Gesturing to Sophie, Rotella said, “Our friend would speak with her.”
“What would this prove?”
“Prove?” Rotella asked, the concept of an absolute truth slightly absurd. “It would prove nothing. But she is friends with many of the men you wish to be friends with. If she goes to them and says your house is a place of solace for a young lady waiting for danger in the homeland to pass? They would believe her and know that this place is a home and not a bomb waiting to explode.”
Mitnick stared at Rotella, his brain translating what he had said. When this process finished he grinned at me, his fellow emigrant. “This is such a strange country.”
I couldn’t disagree with him, so I didn’t.
Mitnick shook his head then glanced at a wristwatch that could have defined the word bling. “Nika keeps odd hours, but she is usually awake by now.” He gestured to Whip. “I will need to ask if she wishes to speak.” He stared pointedly at Sophie. “It is her choice. You understand?”
“I will need to speak with her alone.”
That stopped Mitnick. “Pardon?”
Sophie repeated herself and took a sip of champagne.
Mitnick stared at Sophie with an intensity that made me want to impose myself between the two. I didn’t. I was glad to see to this side of Mitnick. Despite my knowledge of how he made his money, there was a part of me that liked him.
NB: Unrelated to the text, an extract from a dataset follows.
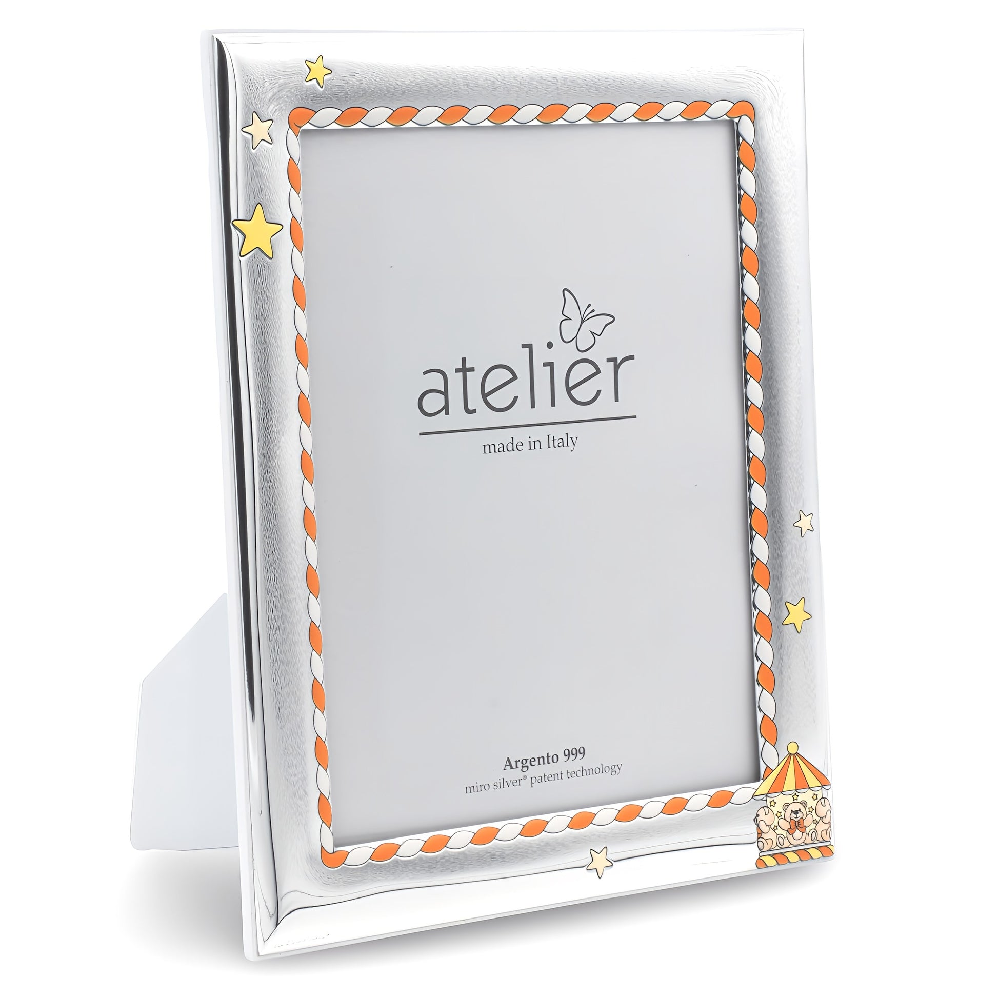 Portafoto bimbo in argento laminato "Orsetto e fiocco" colore neutro.

Seeing this casual misogyny, though, made it easier to mentally connect him to the cathouses and the systemic brutality that kept them going.
With a sound like escaping pressure, Mitnick asked, “Why?” Rotella shifted his weight into what I hoped wasn’t an impending white knight transformation.
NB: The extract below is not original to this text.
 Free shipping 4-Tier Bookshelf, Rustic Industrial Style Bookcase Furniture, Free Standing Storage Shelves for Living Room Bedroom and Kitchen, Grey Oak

“I must know,” she answered, “that she speaks the truth. And in the presence of the master of the house, she may not feel free to do so.”
Sophie referring to him as the ruler of his domain calmed Mitnick. He broke eye contact to smooth his tie, his smile tainted with a bit of sheepishness. “Nika is mischievous. She may not speak the truth.”
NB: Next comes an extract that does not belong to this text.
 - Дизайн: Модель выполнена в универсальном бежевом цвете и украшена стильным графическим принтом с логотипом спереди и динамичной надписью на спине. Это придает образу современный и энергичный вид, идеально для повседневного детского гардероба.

Sophie laughed indicating she understood Mitnick’s concerns about the duplicitous nature of women. It settled both of the other men, Rotella practically winking at her with admiration. Mitnick’s usual confidence returned, this deference clearly the treatment he expected from the women in his life.
Sophie’s laughter trailed off like wind chimes settling. “I will tell you everything she says, of course.”
The implication of Sophie’s words calmed Mitnick further. Putting aside the pretense that he needed Nika’s permission, he said to Whip, “Go and bring Nika to us.”
Sophie leaned back into her chair, demonstrating Mitnick’s decree resolved all of the questions swirling around. Whip moved quickly, leaving only the sound pleated cuffs in his wake. I stared into my untouched drink, wondering how to pass the minutes it would take to bring Nika.
Unsurprisingly, Mitnick took the lead, asking Rotella, “So when this silliness is resolved, we will have no issue between us?”
Rotella replied, “The matter that makes the men you wish to know nervous will be resolved, surely. My friends and I can make certain of that.”
“You can? Or you will?” Mitnick asked, his smile returning to it full wattage.
“We can. Whether they will listen is another matter.”
“And what determines if they will listen?”
They danced around each other like that for awhile and I tuned it out, not caring about the international intricacies of graft. Eventually, Whip returned with Nika. He held the door for her and she swept in. She was short with dark, shoulder-length hair over smooth, pale skin. She didn’t let the strangers in the room slow her down. She came in to stand in front of Mitnick.
I’m not sure what I was expecting, but the dark-haired young woman wasn’t it. In her sweatshirt and shorts and Converse shoes she looked like she should be getting ready for her college classes, not some rich kid who spent nights partying at the Factory. Whatever eating disorder I had conjured for a Russian princess wasn’t there either as she was a healthy weight with full cheeks and slightly puffy lower lip. She stuck a button-sized nose at Mitnick and asked a simple, imperious, “What?”